Google Database to Become the 'Genome' of Culture

Article  by  Samuel MILLER  •  Published 23.12.2010  •  Updated 21.01.2011
[NEWS] A team of researchers from Harvard has, with the help of Google books, produced the word’s largest corpus of lexical information. ‘Culturomics’ may provide fresh insight into a huge range of cultural trends throughout history. 
Six years and 15 million volumes after it began its mission to ‘digitally scan every book in the world’, Google has made a huge linguistic database – 500 billion words taken from 5.2 million books – freely available for anyone to download or search online.
The database consists of all the words, or “n-grams”, that appear in works published between 1800 and 2000. About 72% of it is in English, but there are sizeable contributions from French, Spanish, German, Chinese, and Russian. The corpus, which is thousands of times larger than any existing body, is aimed at scholars who wish to devise their own analytical tools to explore it. However, Google has made its own online tool, which allows users to chart over time a string of up to five words, accessible to anyone with a computer.
To coincide with the release, the journal Science has published the findings of the first explorations of the dataset[+] NoteAvailable with free registration.X [1]. The article, mainly written by the two Harvard researchers who developed the search system and worked with Google on the assembly of the dataset, Dr Erez Lieberman Aiden and Dr Jean-Baptiste Michel, offers but a taste of the rich opportunities for research now open to all domains of the humanities and social sciences.
Their study is based on 5 million (about 4% of all the books ever printed) of the 15 million volumes digitised thus far, with the reduction a result of including only books that had reliable bibliographical data – in particular, information as regards date and place of publication. In it, they outline what they have dubbed “culturomics”, the appellation a nod to the resemblance the corpus bears to the genome of a living organism. The discipline consists of the various ways that huge databases of “hard” facts, which are not always readily available to those who study culture, can be used to throw light on major questions in the humanities.
According to the abstract of the research paper, “this approach can provide insights about fields as diverse as lexicography, the evolution of grammar, collective memory, the adoption of technology, the pursuit of fame, censorship, and historical epidemiology” and “extends the boundaries of rigorous quantitative inquiry to a wide array of new phenomena spanning the social sciences and the humanities.”
Amongst the more remarkable results is the fact that the English lexicon appears to consist of 52% “dark matter” – words that together make up the majority of written text but that do not appear in standard references. This is to be expected when one considers the balance between comprehensiveness and practicality that every dictionary must strike. Although dictionaries are updated regularly, the analysis showed that “there was a lag between lexicographers and the lexicon”.
The team also found that, by tracking the appearance of names in print, they could chart the changing nature of fame. They found that, between the early-nineteenth century and the mid-twentieth, the average age of initial celebrity fell from 43 to 29 years, and that the doubling time in the lead-up to the peak of their fame fell from 8.1 to 3.3 years. The post-peak half-life of fame, as indicated by the appearances the subjects’ names in print, “dropped from 120 to 71 years during the nineteenth century”. In other words, fame arrives earlier, quicker, and with far more intensity than in the past, but famous people are now being forgotten more rapidly.
Censorship and suppression were also found to have left their mark on the lexicological record. The researchers found that when they compared the occurrence of the name “Marc Chagall”, the artist, in English and German, there was a rapid increase starting in 1910 in both languages. With the onset of the 1930s, however, Chagall’s name in German reached its lowest point (his name only appearing once between 1936 and 1944), while in English it continued to rise as before.
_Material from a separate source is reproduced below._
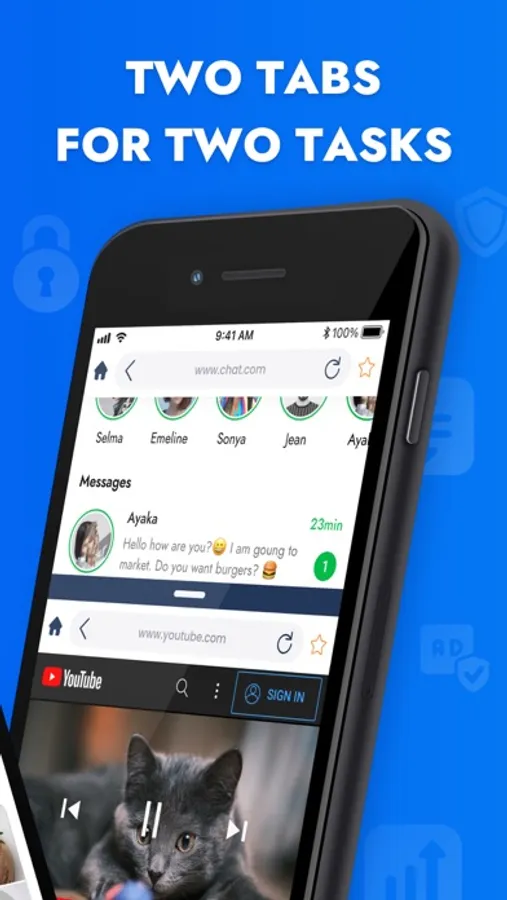 Don't switch between tabs: watch videos and use social network simultaneously. Split the screen into two, add your favourite sites, download and play videos offline.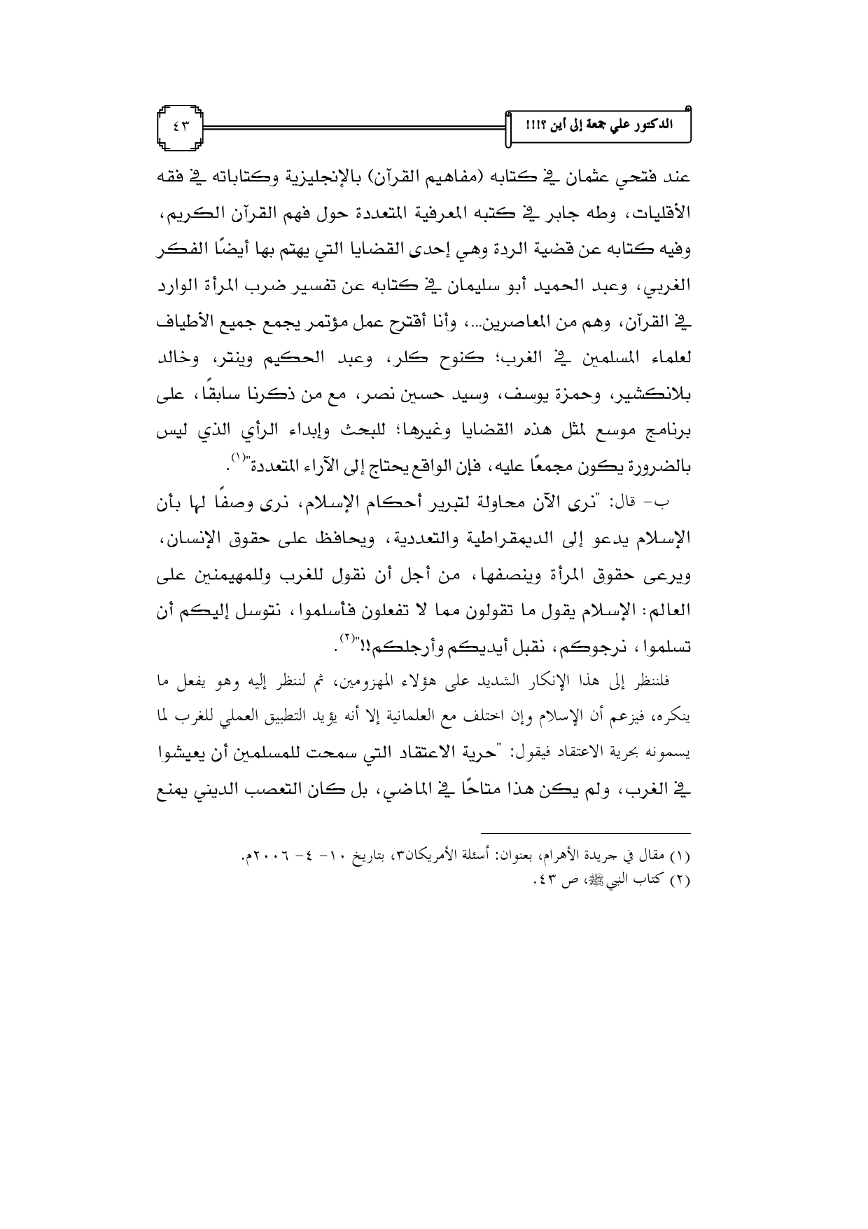 ب- قال: "نرى الآن محاولة لتبرير أحكام الإسلام، نرى وصفًا لها بأن الإسلام يدعو إلى الديمقراطية والتعددية، ويحافظ على حقوق الإنسان، ويرعى حقوق المرأة وينصفها، من أجل أن نقول للغرب وللمهيمنين على العالم: الإسلام يقول ما تقولون مما لا تفعلون فأسلموا، نتوسل إليكم أن تسلموا، نرجوكم، نقبل أيديكم وأرجلكم!! " (¬2).

Finding that they could accurately track the suppression of particular groups during the Third Reich, the team tested “whether one could identify victims of Nazi repression de novo”. They created a list of all the people mentioned in the period, calculating for each a “suppression index”. According to an article published in Science, over 80% of the names identified by the suppression index were known to have been suppressed, indicating that the method had worked. The most compelling finding, therefore, is that the remaining 20% may consist of victims of suppression formerly unknown to history.
Speaking to the Guardian last week about the unprecedented nature of the Google dataset, Michel, whose background is in systems biology and applied mathematics, said that “[i]nterest in computational approaches to the humanities and social sciences dates back to the 1950s…[b]ut attempts to introduce quantitative methods into the study of culture have been hampered by the lack of suitable data. We now have a massive dataset, available through an interface that is user-friendly and freely available to anyone.”
Not everyone is convinced by this encroachment of quantitative analysis on the humanities and social sciences, which are commonly seen as the search for meaning, or, in other words, as something fundamentally unquantifiable. According to Harvard English professor Louis Menand, quoted in a New York Times article, “[i]n general it’s a great thing to have … [but] obviously some of the claims are a little exaggerated”. He goes on to say that “there’s not even a historian of the book connected to the project”.
According to Aiden, whose expertise is in applied mathematics and genomics, quoted in the same NYT article, “I don’t want humanists to accept any specific claims – we’re just throwing a lot of interesting pieces on the table … the question is: Are you willing to examine this data?”. Taken this way, the wealth of lexicological information furnished by the Google corpus can be mined for corollary evidence to reinforce traditional methods of cultural enquiry or be used as a starting point. Culturomics, as such, simply provides information, and will always require careful analysis.
Of course, there is more to culture than what makes it into published books. The additional ability to analyse words in their original context would allow the tracking of semantic changes, as well the changing attitudes of writers towards the words they employed. But context is exactly what the n-gram system disallows; many of the books included in the data are still under copyright, especially those from the twentieth century, and are therefore not to be released for open scrutiny without first being broken up into n-grams. It is likely that additional analytical capabilities will first be added to information taken from works produced in the nineteenth century.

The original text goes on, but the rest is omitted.